The low-income credit unions (LICUs), unnamed in the written documents to afford privacy, reportedly were told by their respective National Credit Union Administration (NCUA) regional office in December 2018 that they could not proceed with the secondary capital plans they presented, as required, for review; those decisions were affirmed upon reconsideration in February. Both final decisions and orders by the board – one issued Oct. 11, the other on Oct. 24, when the board met in closed session – noted the region cited “multiple” safety and soundness concerns with the plans.
There is some variation in the arguments described by the two institutions, but it appears that both, based on the agency’s perspective as described in the final orders, argued that if they satisfied the agency secondary capital rule’s minimum content requirements for proposed plans, they would receive approval.
The more substantive discussion of this point, as well as a contention that the secondary capital rule is ambiguous, is provided in the final order regarding the credit union granted the oral hearing in September (Docket BD-07-19).

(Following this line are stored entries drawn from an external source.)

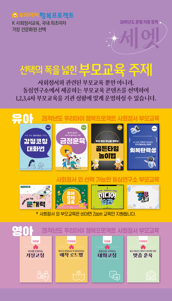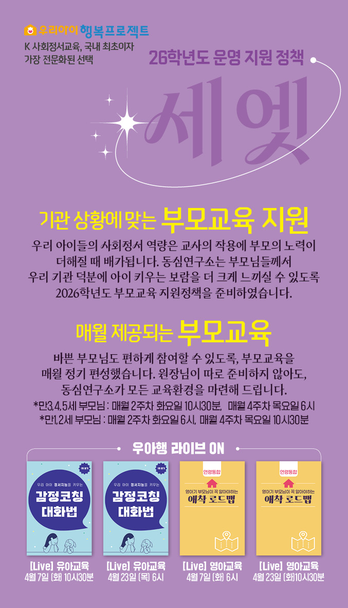 2026학년도에도 대한민국 유아교육 기업 동심이 제공하는 사회정서학습 프로그램과 함께 아이들을 위한 꼭 필요한 교육에 앞장서 주시기를 부탁드립니다.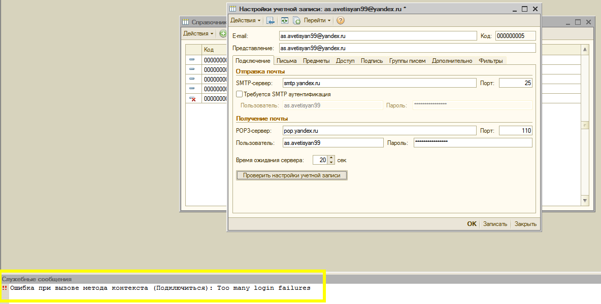 Ошибка при вызове метода контекста (Подключиться): Too many login failures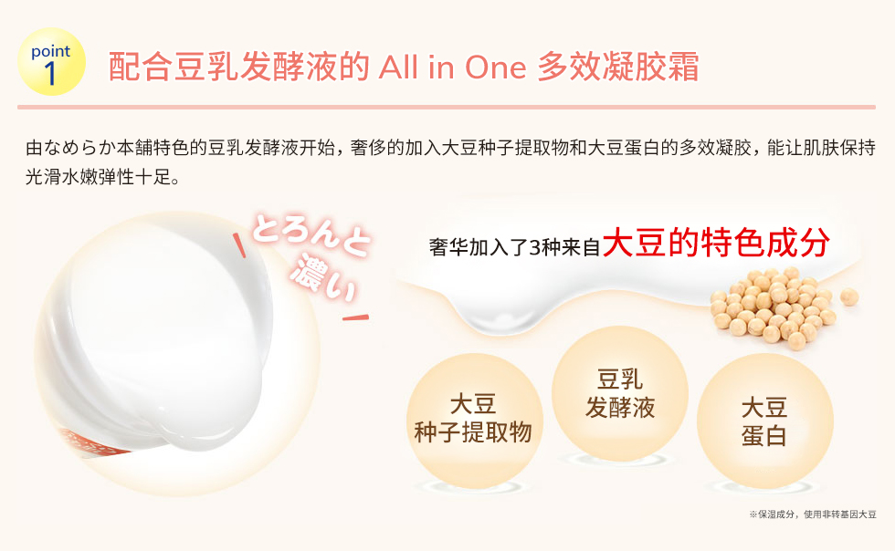 2. 含有大豆发酵液,大豆种子精华和大豆蛋白质成分,充分发挥补水保湿功能,用后肌肤感觉柔滑细嫩,紧致Q弹。

“Upon consideration of all the available facts and the parties’ oral and written arguments, the Board concludes there is no uncertainty as to the secondary capital rule’s meaning. Read plainly, the Board sees no ambiguity in the rule text, which clearly states, ‘[b]efore accepting secondary capital, a [LICU] shall adopt, and forward to NCUA for approval, a written [SC Plan] that, at a minimum,’ includes five specific components,” it states. That is, “the rule just means what it means,” which is “to seek approval to accept secondary capital, a LICU must submit to the NCUA a written plan that at a minimum includes five things,” it states.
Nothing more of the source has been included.